Dengan demikian, MoDik adalah simbol gembala yang berbau domba tersebut.
Sri Paus Fransiskus pernah mengkritik, seorang gembala janganlah terlihat seperti orang yang pulang dari pemakaman, gembala yang berwajah sedih dan penuh rasa kedukaan, gembala seharusnya menyampaikan kabar gembira.
Gereja Katolik semestinya menjadi rumah sakit di medan perang.
Gereja Katolik bukan menjadi rumah untuk orang yang sempurna saja, melainkan bagi siapa saja yang ingin mencari Tuhan.

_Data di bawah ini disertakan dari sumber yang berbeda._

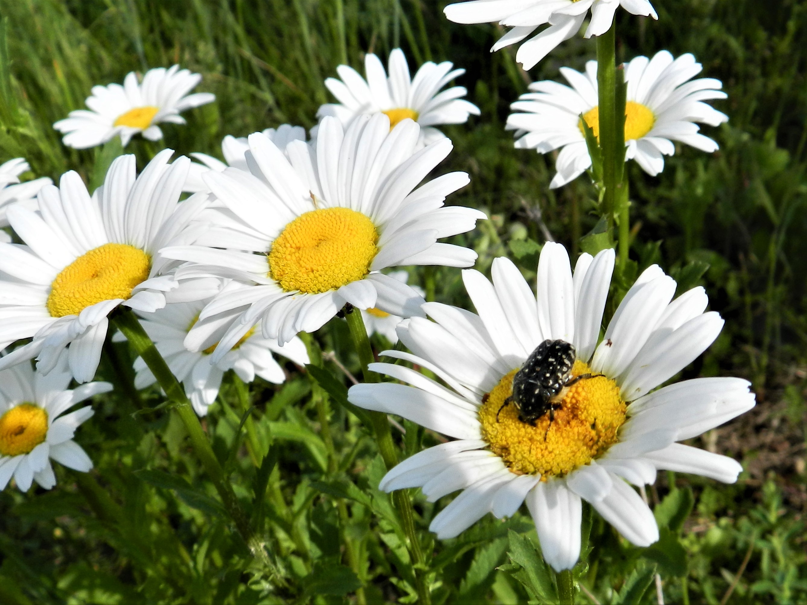 An den Verbindungsweg zwischen der Schraderstraße und der Julius- Bettinger-Straße blühen zur Zeit zahlreiche Margariten (Leucanthemum) vulgare). Da seit einigen Jahren allgemein ein starker Rückgang unserer Insektenpopulation festgestellt wird, schaute ich am Sonntag dem 29. April bei einem Spaziergang nach, wie viele Insekten die Blüten besuchen, um dort Nektar zu tanken. Unter einigen Zweiflüglern, Hautflüglern, Käfern und Schrecken entdecke ich eine Käferart, die mir völlig unbekannt war. Die metallisch schimmernden Deckflügel sowie die Gestallt des Käfers erinnerten mich irgendwie an die eines Rosenkäfers.. Dieser Käfer war aber nur halb so groß wie der Gemeine Rosenkäfer (Cetonia aurata). Bei Wikipedia wurde ich im Internet schnell fündig und konnte dort über meinen Fund lesen:
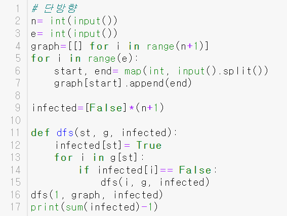 ▷ 그러나 문제에 따르면 1번 노드는 2,3번 노드 뿐만 아니라 4번 노드와도 연결되어있기 때문에 3을 출력해야한다. 이를 위해선 연결되어 있는 노드는 두 방향에서 연결되어 있음을 나타내는 양방향 그래프를 사용해야하기 때문에 양방향 그래프를 나타내는 코드로 다시 구현했다.
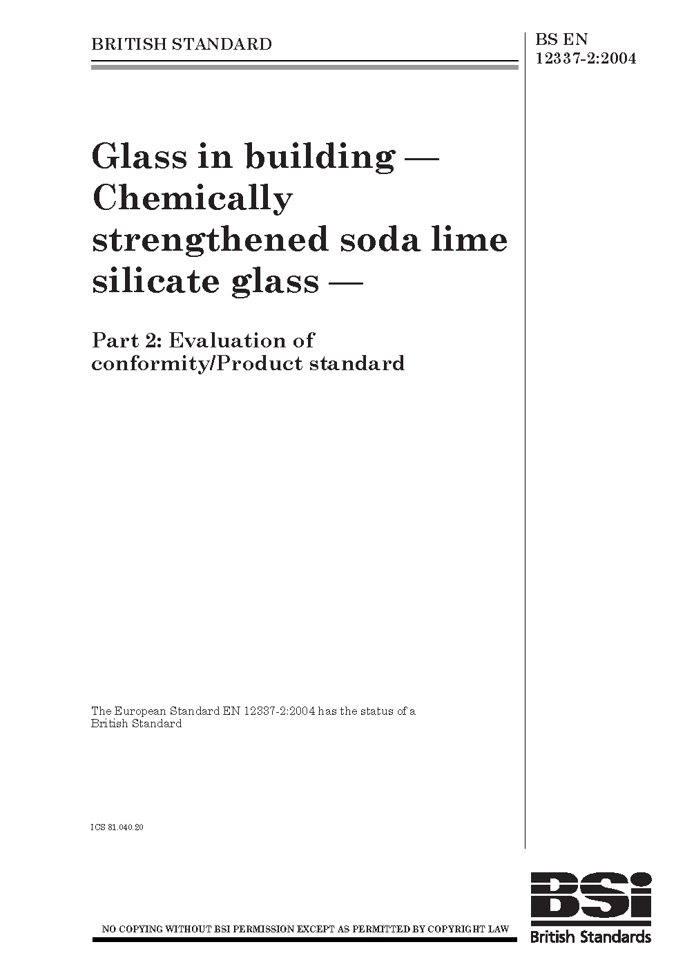 Glass in building. Chemically strengthed soda lime silicate glass Evaluation of conformity/Product standard
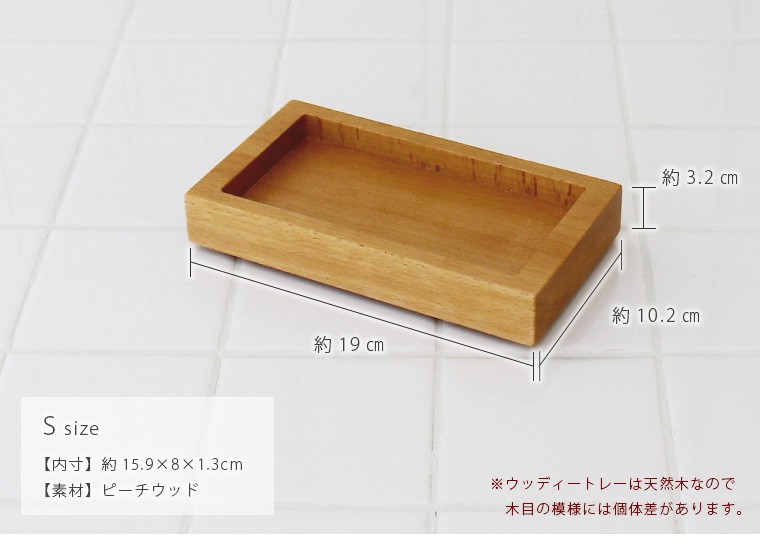 外寸:約19×10.2×高さ3.2cm 内寸:約15.9×8×1.3cm 素材:ビーチウッド |
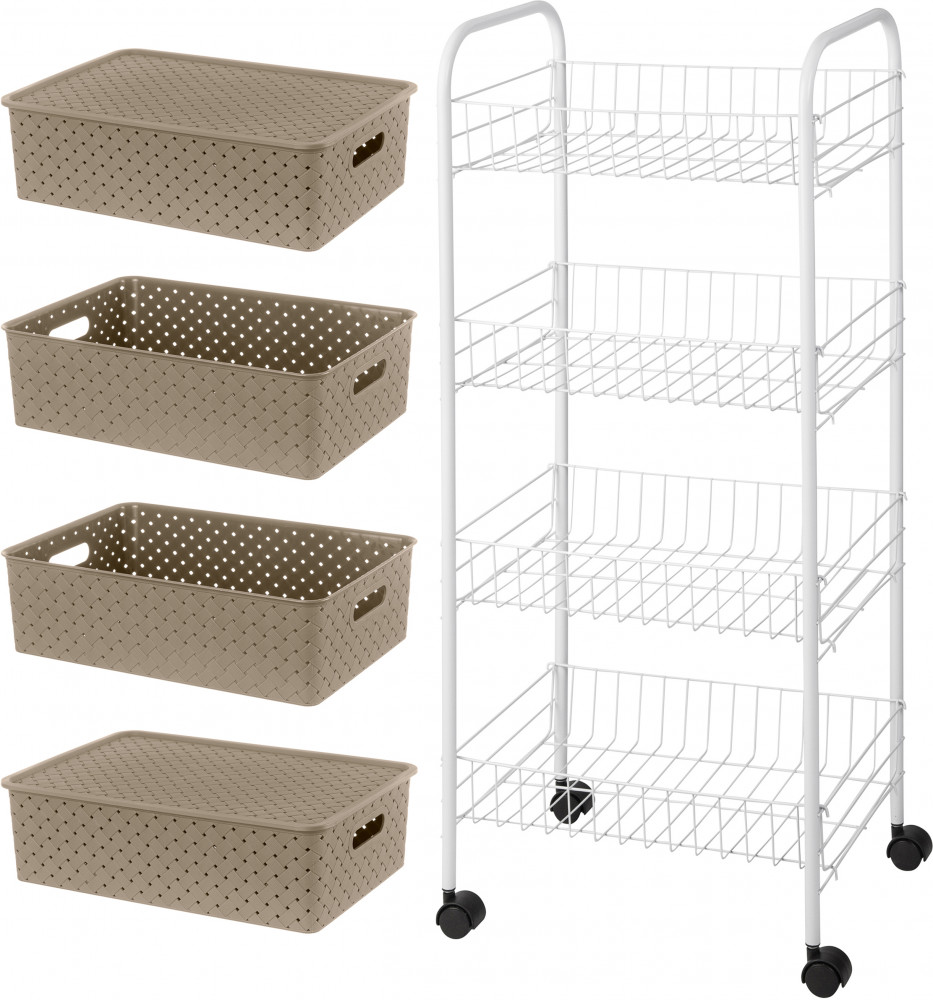 2 корзины с крышкой, 2 корзины без крышки, этажерка
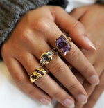 Bague iolite et aigues-marines carrées 2 ors 750
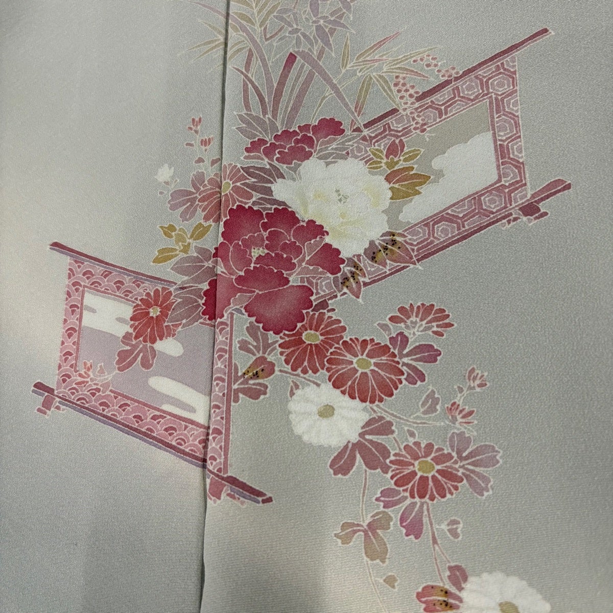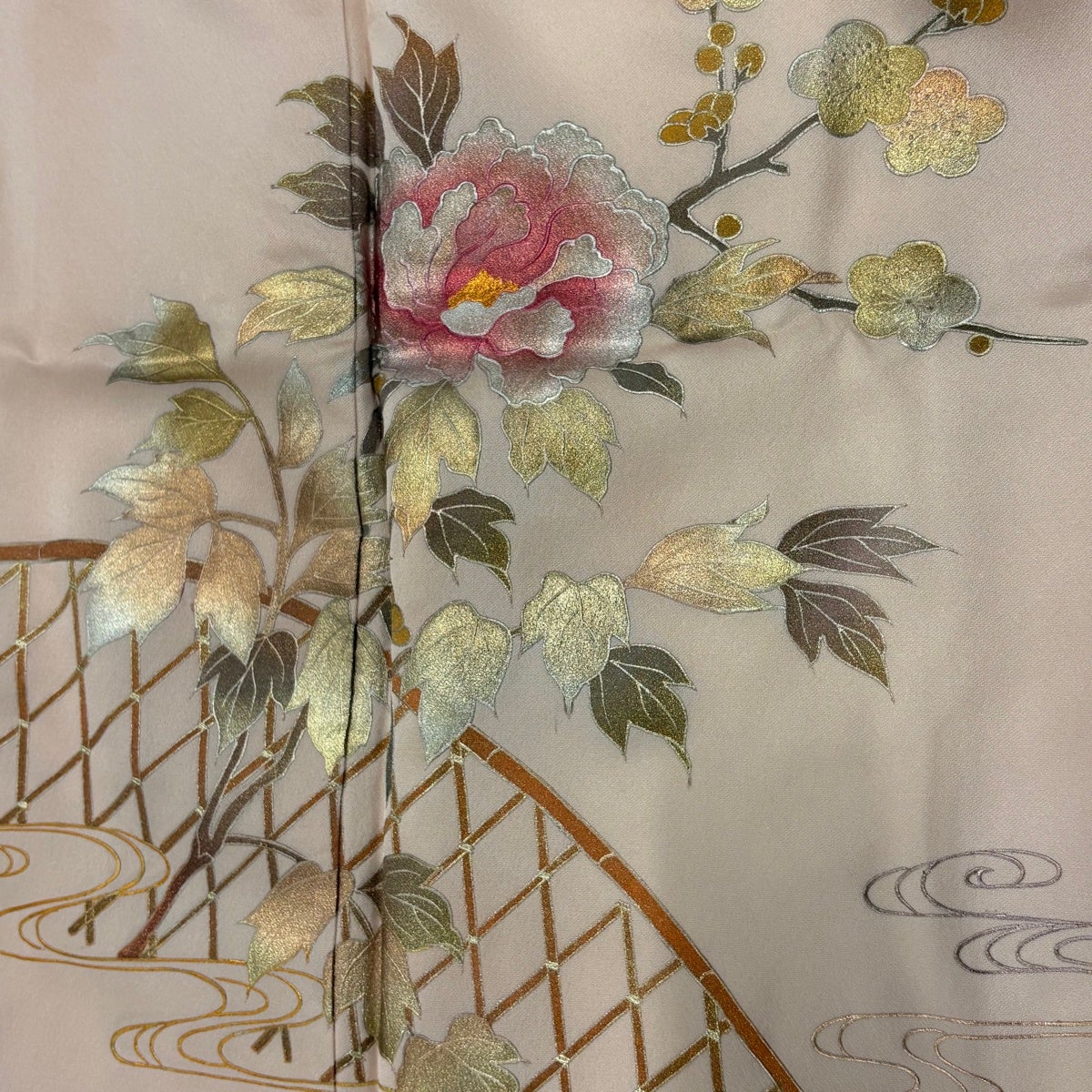 付下げ 身丈158cm 裄丈63.5cm S 袷 和田光正 落款あり 牡丹 籬 金銀彩 薄ピンク 正絹 秀品
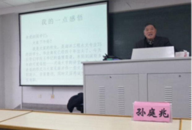2018年12月21日,海洋工程水文75级校友孙庭兆同志报告会于黄瓜视频 江宁校区致用楼620举行。孙庭兆以“我的一点感悟”为主题与同学们分享了自己学习和工作的感悟,黄瓜视频 党总支书记王永芝主持了报告会。
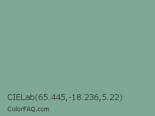 CIELab 65.445,-18.236,5.22 Color is a normal green color and the nearest color is Bay Leaf #7da98d. Hex code #7ea895 and RGB value is rgb(126,168,149). In RGB color space, this color is composed of 49% red, 66% green, 58% blue, In CMYK color space, this color is composed of 25% cyan, 0% magenta, 11% yellow , 34% black , In HSL color space, this color has a hue angle of 153° , 19% saturation and 58% lightness.
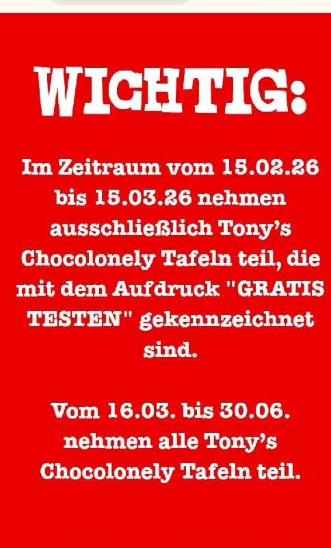 Im Zeitraum vom 15.02.26 bis 15.03.26 sind ausschlieĂlich Tony’s Chocolonely Tafeln teilnahmeberechtigt, die den Aufdruck ‚GRATIS TESTEN!‘ tragen.
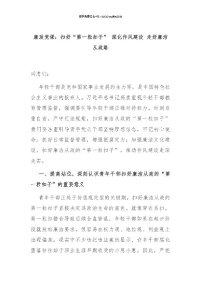 【七哥公文】2025年:【七哥公文】廉政党课:扣好“第一粒扣子” 深化作风建设 走好廉洁从政路+更多免费公文+VX:QiGeGongWen2024+更多免费公文+VX:QiGeGongWen2024
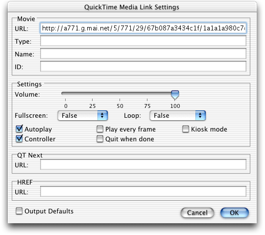 No such substitution is required for (or inside) .pls files, but you must still use the EMBED’s SRC parameter to direct the browser to a QuickTime file, and the QTSRC parameter to pass the actual file to QuickTime. The HTML is essentially identical to the example just shown, substituting

Gereja Katolik seharusnya didedikasikan bagi orang miskin, yang terluka, lemah dan tersingkir. Pesan pastoral Sri Paus Fransiskus itu sungguh kuat dan mendalam bagi Gereja Katolik.
Menurut Sri Paus Fransiskus, gembala juga jangan terlalu sibuk mengurusi perkara administratif gerejani.
Jika para pemimpin Gereja Katolik lebih sibuk dengan urusan administrasi, maka bisa jadi wajah Gereja Katolik yang dihadirkan lebih berupa Gereja Katolik yang sibuk melayani dirinya sendiri.
Sebab kemapanan dapat menyebabkan Gereja Katolik sakit secara spiritual.
Dan, gembala adalah pelayan umat Allah, gembala bukan justru melayani dirinya sendiri.
Akhirulkalam, proficiat, nderek bingah dan mohon berkat, semoga Bapa Uskup Agustinus Tri Budi Utomo semakin meneladani spiritualitas pastoral Sri Paus Fransiskus.